Men like them did not go for women like her. It also didn’t matter that she looked utterly gruesome, macabre, and straight from a horror movie. She could have been in the best shape of her life, and it still wouldn’t matter. Which was fine; her calling was to be the mayor of BT. She didn’t want to be anything else. Love, romance, marriage, and babies were in the cards for her but with a man on her level.

The second thing she re-realized.

She was truly without a single pair of underwear thanks to their schizophrenic goat and would have to spend the night without wearing any.

Again, bottom of the list problem for her, right there with her funny-looking face.

Now she had to take care of the backyard as quietly as she could.

They wouldn’t suspect a thing, she was sure.

Chapter Seven

After getting the backyard to a level of decency and being certain that it just needed people to make it look even better, Kalista breathed a sigh of relief when Jennifer and Tilly pulled up at the back of her house.

She immediately hushed them into whispering.

“Oh my god, Mayor Kalista, your face,” Tilly squealed, taking a step back from her in horror.

“I know.
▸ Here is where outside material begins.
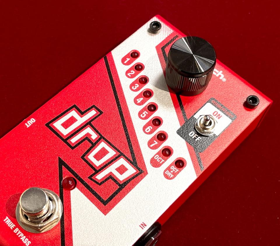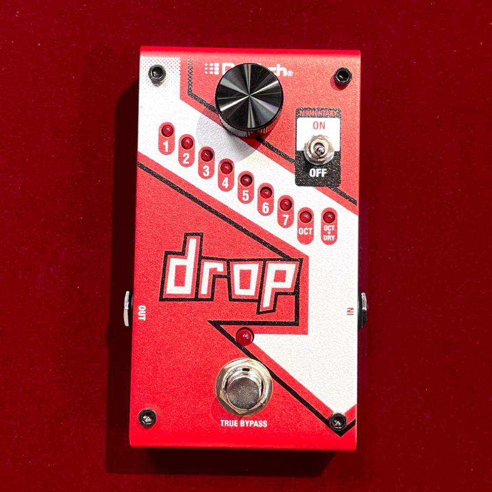この"Drop"(ドロップ)は、ギター本体のチューニングを変更することなく、半音ステップで最大1オクターブ下までのダウン・チューニングを可能にするポリフォニック・ピッチシフター!!

It’s nothing. It’ll clear by tomorrow.” It was actually throbbing the life out of her, but she couldn’t stop to acknowledge the pain. “Did you bring the wine?”

“Yikes, you look horrible, Mayor Kalista.” Jennifer had her go at Kalista’s face. “It wasn’t like that when I saw you, not even an hour ago.”

“Yes,” was all Kalista could say about her face. “Did you bring the wine?”

“Enough to make the whole town drunk, trust me. And I brought snacks. Mrs. Autumn is bringing a few casseroles she just needs to heat up from the freezer. Ruby is bringing ribs. Carly has lasagna. And I lost count of everyone else.”

“Good.”

“Where are they? The judges?” Tilly asked.

“In my living room. I better go back in there. Thank you.”

“We got your back, Mayor Kalista, but that whole situation with your face ... nope. You need to see Doc.”

“Tomorrow. Let’s just get through tonight. Do you have the tea?” She asked softly.